Material provided Start Marker

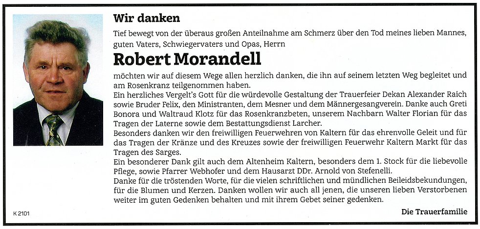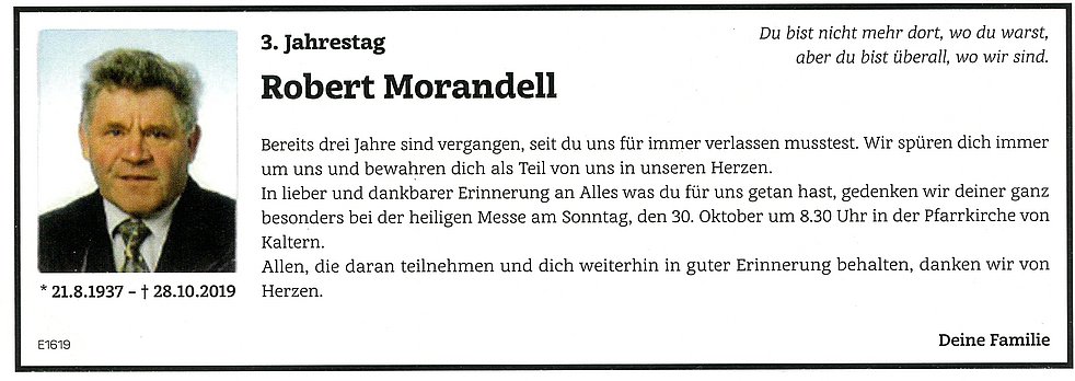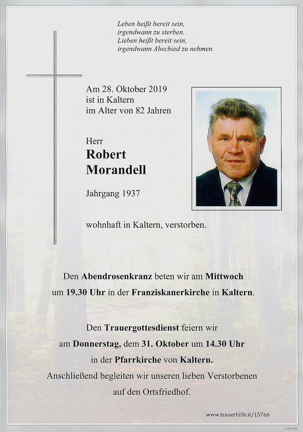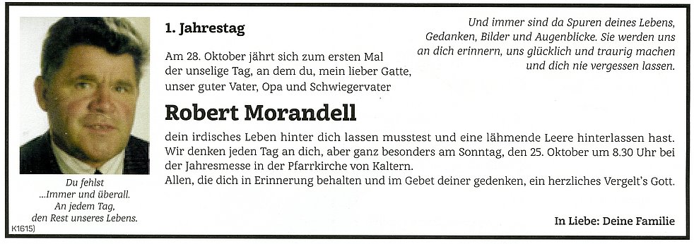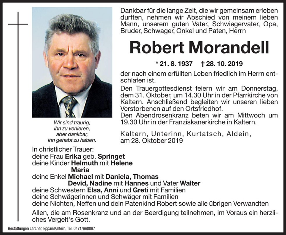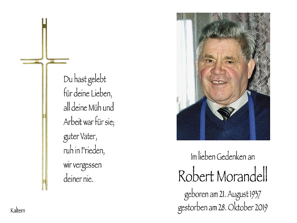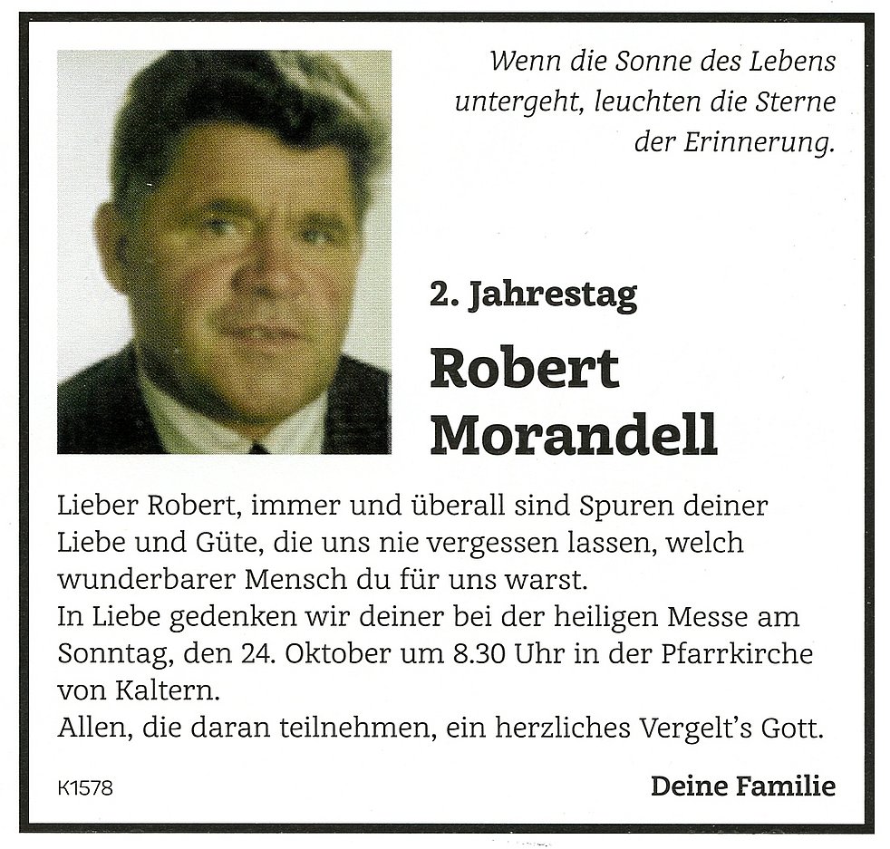 Den Trauergottesdienst feiern wir am Donnerstag, dem 31. Oktober, um 14.30 Uhr in der Pfarrkirche von Kaltern. Anschließend begleiten wir unseren lieben Verstorbenen auf den Ortsfriedhof.
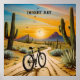 coucher de soleil tableau d'un vélo dans le désert entouré de cactus
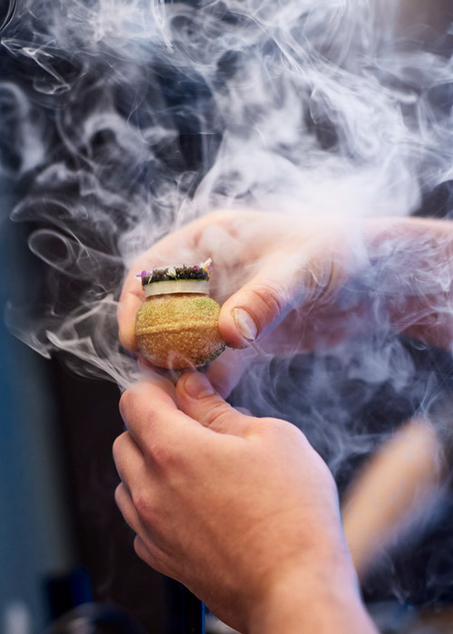 Das Alchemist ist aber nicht nur wegen des Dome – dem eigentlichen Speisesaal mit überdimensionaler Projektionskuppel (18 Meter Durchmesser) – das derzeit wohl beeindruckendste Restaurant Europas, wenn nicht weltweit, sondern auch wegen seiner Küche. Die Gerichte des enorm experimentierfreudigen Munk sind kühn, meist mit provokativer Botschaft und obendrein mit allerlei technischen Gerätschaften zubereitet. Inspiriert von der Molekularküche – Munk greift gerne auf Schockfroster und Rotationsverdampfer zurück – setzt der Spitzenkoch bei der Umsetzung fast ausschließlich auf nordische Produkte. Doch mehr noch als das, erfahren wir schon bei den Amuse Bouche gleich zu Beginn des Abends, mit welchem Eifer sich das Team hier der Wissenschaft widmet. Produkte und neue Techniken werden im Hinblick auf eine nachhaltigere Nahrungsmittelproduktion und deren gerechtere Verteilung erforscht – Munk und sein Geschäftspartner Lars Seier Christensen versorgen mit ihrer Organisation „Junkfood“ zudem 300 Obdachlose – Tendenz steigend – täglich mit warmen Mahlzeiten.
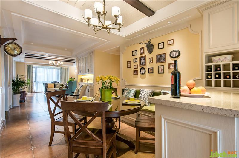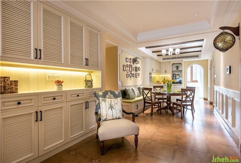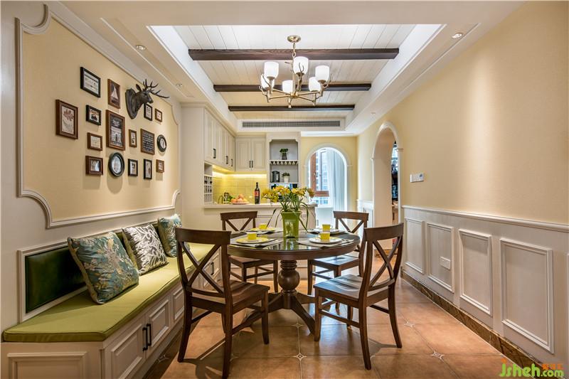 将不作太多雕饰或完全不雕饰的实木做假梁,线条简单,保留了木材原始的纹理和质感,来装饰顶面,体现了美式乡村风格原味的设计特点。左边卡座的设计一方面为餐厅节省了空间,另一方面让西厨显得大气许多。

Material provided End Marker

● Exercise brief
Leave the pictures out and return the rest of the material exactly.

● Response to the exercise
 Den Trauergottesdienst feiern wir am Donnerstag, dem 31. Oktober, um 14.30 Uhr in der Pfarrkirche von Kaltern. Anschließend begleiten wir unseren lieben Verstorbenen auf den Ortsfriedhof.
 coucher de soleil tableau d'un vélo dans le désert entouré de cactus
 Das Alchemist ist aber nicht nur wegen des Dome – dem eigentlichen Speisesaal mit überdimensionaler Projektionskuppel (18 Meter Durchmesser) – das derzeit wohl beeindruckendste Restaurant Europas, wenn nicht weltweit, sondern auch wegen seiner Küche. Die Gerichte des enorm experimentierfreudigen Munk sind kühn, meist mit provokativer Botschaft und obendrein mit allerlei technischen Gerätschaften zubereitet. Inspiriert von der Molekularküche – Munk greift gerne auf Schockfroster und Rotationsverdampfer zurück – setzt der Spitzenkoch bei der Umsetzung fast ausschließlich auf nordische Produkte. Doch mehr noch als das, erfahren wir schon bei den Amuse Bouche gleich zu Beginn des Abends, mit welchem Eifer sich das Team hier der Wissenschaft widmet. Produkte und neue Techniken werden im Hinblick auf eine nachhaltigere Nahrungsmittelproduktion und deren gerechtere Verteilung erforscht – Munk und sein Geschäftspartner Lars Seier Christensen versorgen mit ihrer Organisation „Junkfood“ zudem 300 Obdachlose – Tendenz steigend – täglich mit warmen Mahlzeiten.
 将不作太多雕饰或完全不雕饰的实木做假梁,线条简单,保留了木材原始的纹理和质感,来装饰顶面,体现了美式乡村风格原味的设计特点。左边卡座的设计一方面为餐厅节省了空间,另一方面让西厨显得大气许多。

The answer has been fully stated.